Virginie Despentes et Coralie Trinh Thi

France, 2000, durée 1h17

Sortie au CNP le 29 août 2001

avec Raffaëlla Anderson et Karen Bach

 

 

Sorti en salles le 28 juin 2000, puis censuré (le CNP fut l'un des rares cinémas à avoir opposé quelque résistance), distribué en cassette vidéo, Baise Moi revient sur les écrans après la levée de son interdiction.

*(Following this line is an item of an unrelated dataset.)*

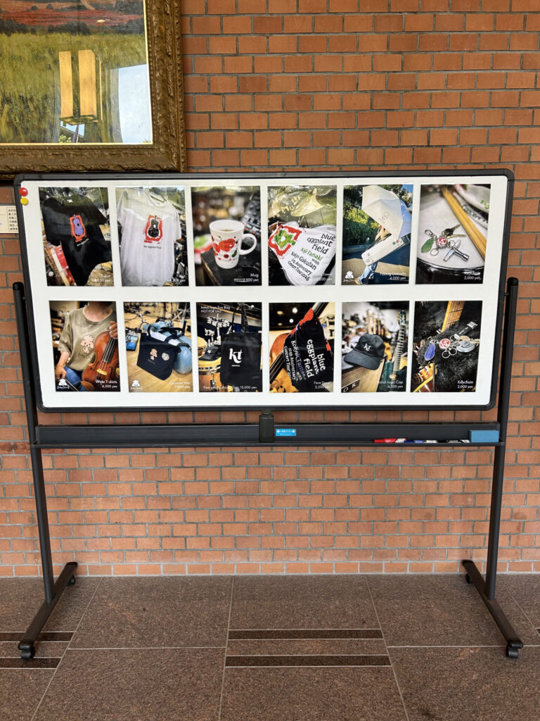 開演前、席に着くと、まず中央のテーブルに置かれたドリンクを確認しました。客席から見て左から、飲み手に蓋が付いたマグカップが2つ、黄色く濁ったペットボトル飲料が1本、透明の水が2本。蓋付きのカップは保温性があるタイプのものでしょうか。
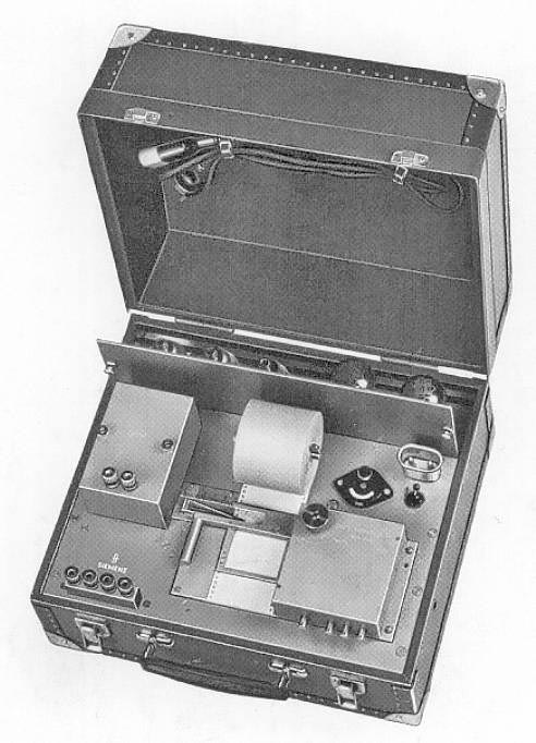 Its principle is based on electrical compensation of a signal level. The level compensation is accomplished by means of the appropriate movement of a potentiometer as to control the loop-gain. This mechanical movement is being exploited in such a manner, that the lever-pen is indicating the signal level of attenuation at an prepared paper tape (see the photo above).

Le premier long métrage de Virginie Despentes est l'adaptation de son propre roman. Le scénario suit parfaitement la trame du livre : Manu la beurette flingue son grand frère trop protecteur, trop étouffant, et Nadine étrangle sa colocataire qui l'insupporte avec sa curiosité et ses remontrances permanentes. Les deux jeunes filles vont se rencontrer au hasard d'une sortie de gare RER pour se lancer, effrénées, sur les routes de France, telles deux excentriques survoltées. Une amitié se nouera bientôt sur fond de sperme et de sang.

Leur fuite désespérée n'est alors qu'une suite de scènes de sexe et d'assassinats d'une violence extrême. Déchaînement d'Eros et de Thanatos et fi de toute morale, psychologie, ou humanisme... Les deux actrices (venant du X) campent moins des personnages que deux blocs pulsionnels déjantés. Sur leur passage : des hôtels lépreux, des bars glauques, à putes parfois, des bagnoles volées, des verges qui s'affolent et des chairs plombées.
Tout cela filmé en DV, caméra à l'épaule, accentuant ainsi l'aspect « crade » du cadre et de l'image. Un cadre que Despentes s'ingénie à faire éclater à toutes les scènes et à toutes les sauces, sous le vacarme de morceaux rock, punk ou techno. La déglingue est réussie.

Despentes parvient à une matière filmique intense en énergie et en rythme, sorte de « pétage » de plombs permanent. Elle se permet, en outre, quelques dérives expérimentales : un plan saturé des plis et scintillements de la mer, sans perspective, tel un tableau abstrait, par exemple.
Mais Despentes c'est aussi Breillat sans la pensée, Bukowski sans le style ou Sade sans la philosophie. La rage formelle de la réalisatrice tourne à vide, ne parvenant jamais à une once de sens ni à une forme quelconque de contestation. Une folle dépense d'énergie en pure perte donc.